New York Times reporter Jeff Zeleny used an old interview with Barack Obama to defend Senate Majority Leader Harry Reid's "Negro" comment in his Tuesday "White House Memo," "Reid's Words On Race Carry Hints Of Obama's."
Zeleny already sounds a little tired of the story about besieged Democrat leader Reid, whose 2010 reelection efforts may have gotten even harder after being quoted in "Game Change," a new book by reporters John Heilemann and Mark Halperin, saying Obama had the advantage of "no Negro dialect, unless he wanted to have one."
Senator Harry Reid's comments about Barack Obama's race -- and its positive implications for his presidential run in 2008 -- have been well aired by now.
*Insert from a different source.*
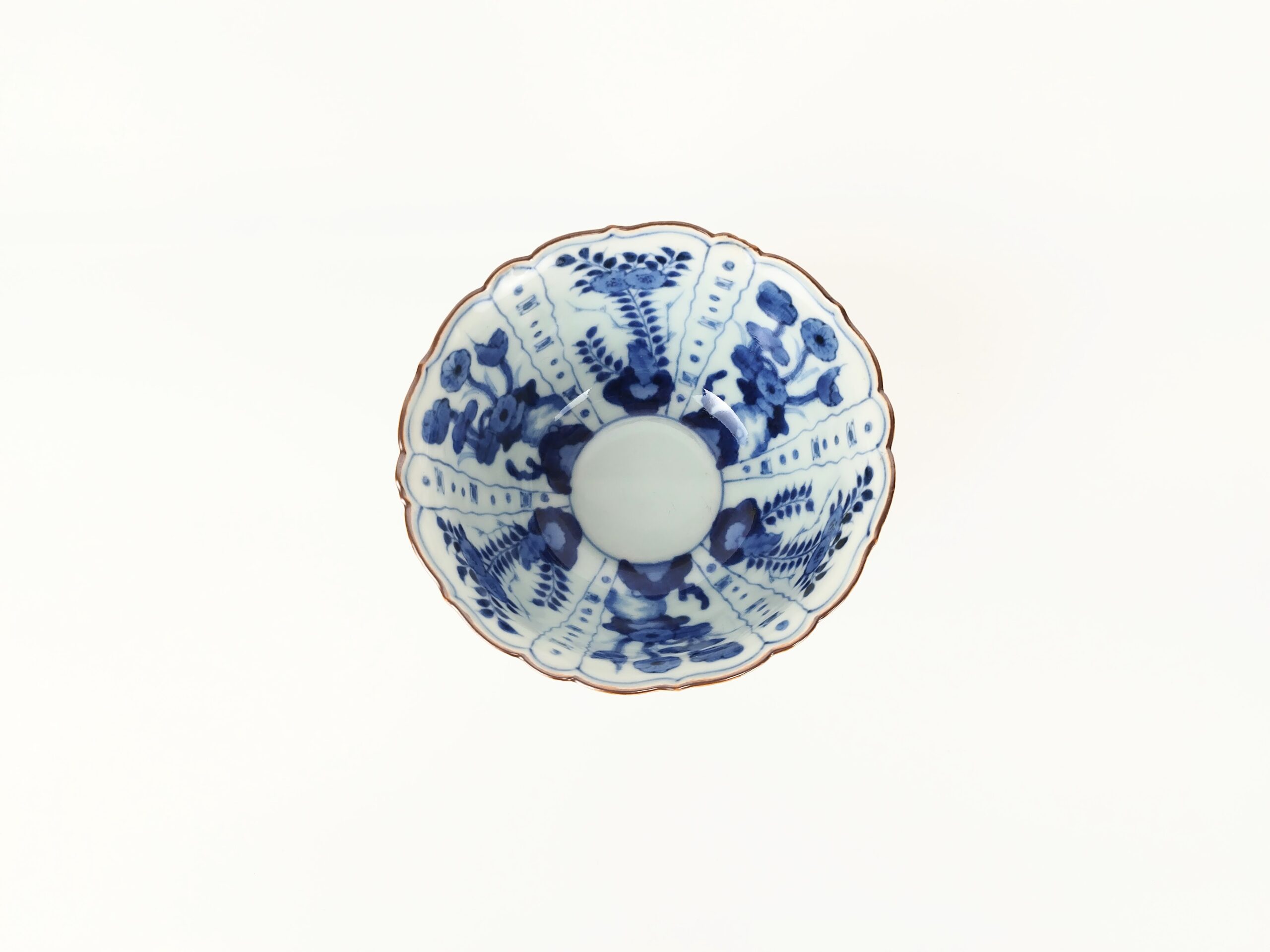japanese antique Imari ware blue and white cup with design of Cotton rose

The weekend fallout has largely devolved into a familiar Democrat vs. Republican argument focusing on the political consequences for Mr. Reid, the Senate Democratic leader who is scraping through a tough re-election fight at home in Nevada.
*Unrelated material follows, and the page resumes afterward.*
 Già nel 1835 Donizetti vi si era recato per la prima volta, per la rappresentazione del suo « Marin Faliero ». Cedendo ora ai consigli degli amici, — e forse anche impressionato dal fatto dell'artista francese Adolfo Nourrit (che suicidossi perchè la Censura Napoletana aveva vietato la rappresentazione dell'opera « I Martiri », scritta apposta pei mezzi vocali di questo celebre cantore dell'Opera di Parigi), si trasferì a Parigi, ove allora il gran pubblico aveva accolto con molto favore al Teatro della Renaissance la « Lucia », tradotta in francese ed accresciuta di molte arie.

So it was no surprise that Mr. Obama moved to quickly accept Mr. Reid's apology, considering that health care legislation and the rest of the president's initiatives are likely to rise or fall on the back of the majority leader.
But that's not the only reason Mr. Obama may have been quick to say "the book is closed" on the remark from Mr. Reid, who referred to Mr. Obama as "light-skinned" and carrying the advantage of having "no Negro dialect, unless he wanted to have one."
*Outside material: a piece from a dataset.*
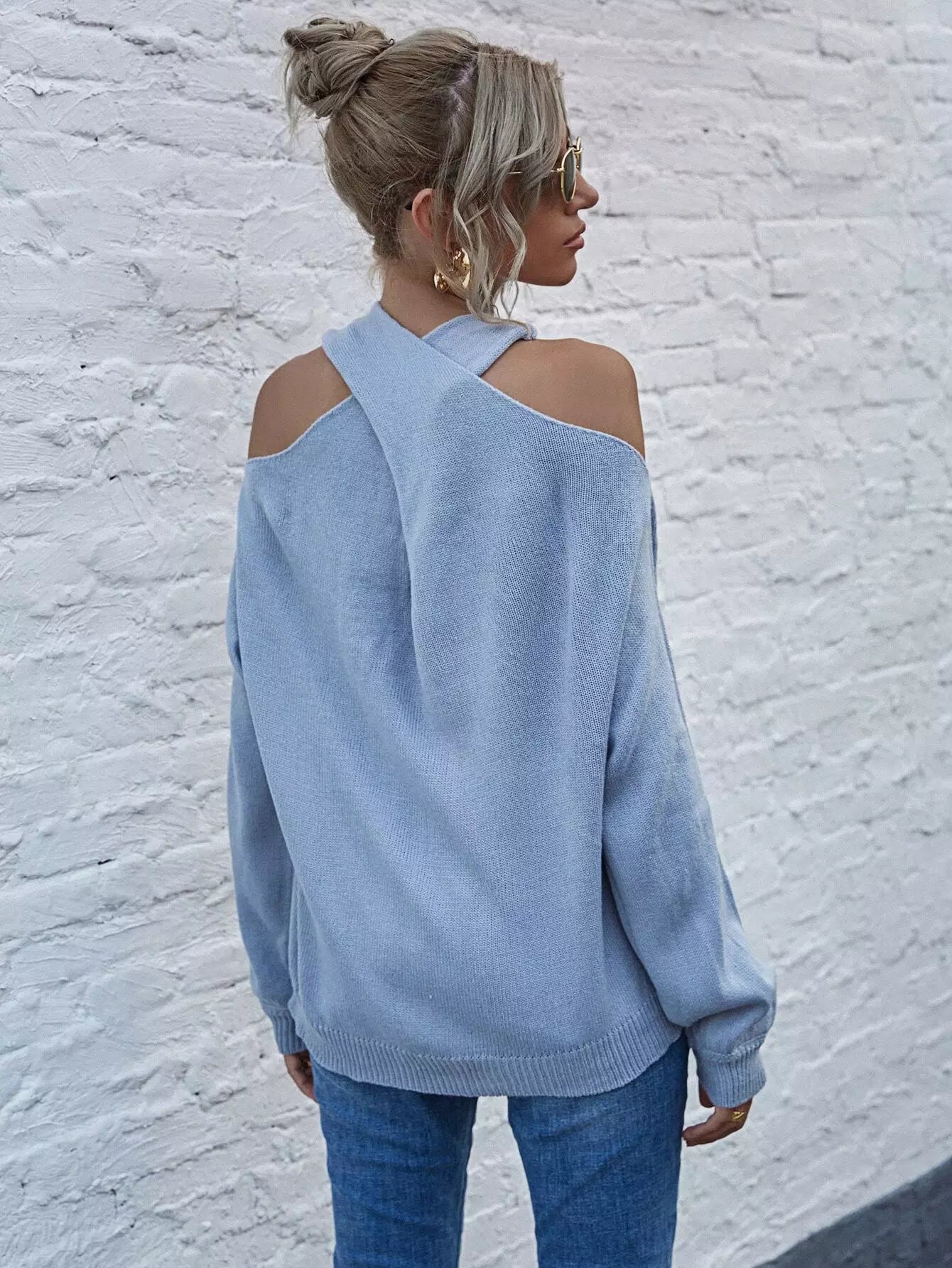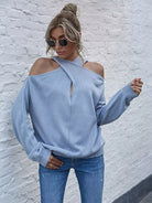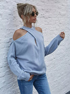 Solid Criss Cross Cold Shoulder Sweater

The comment -- made to the authors of a new book on the presidential campaign -- is not so different from remarks Mr. Obama has made himself while navigating the complicated intersection of race and politics in America during his rapid rise to the White House.
Zeleny later elucidated:
As the flap continues over Mr. Reid's comments, I remembered an interview that I did with Mr. Obama for the Chicago Tribune back in 2005, when he had just arrived in Washington and spoke openly about the expectations for black politicians. He did not, of course, use the term "Negro dialect," as Mr. Reid did, but the comments seem apt to the current discussion of race and politics.
"We have a certain script in our politics, and one of the scripts for black politicians is that for them to be authentically black they have to somehow offend white people," Mr. Obama said. "And then if he puts a multiracial coalition together, he must somehow be compromising the efforts of the African-American community."
"To use a street term," Mr. Obama added, "we flipped the script."
Few would dispute that Mr. Obama is a far smoother speaker than Mr. Reid. But were they saying essentially the same thing?
National Review Online accused Zeleny of "circling the wagons" around Reid.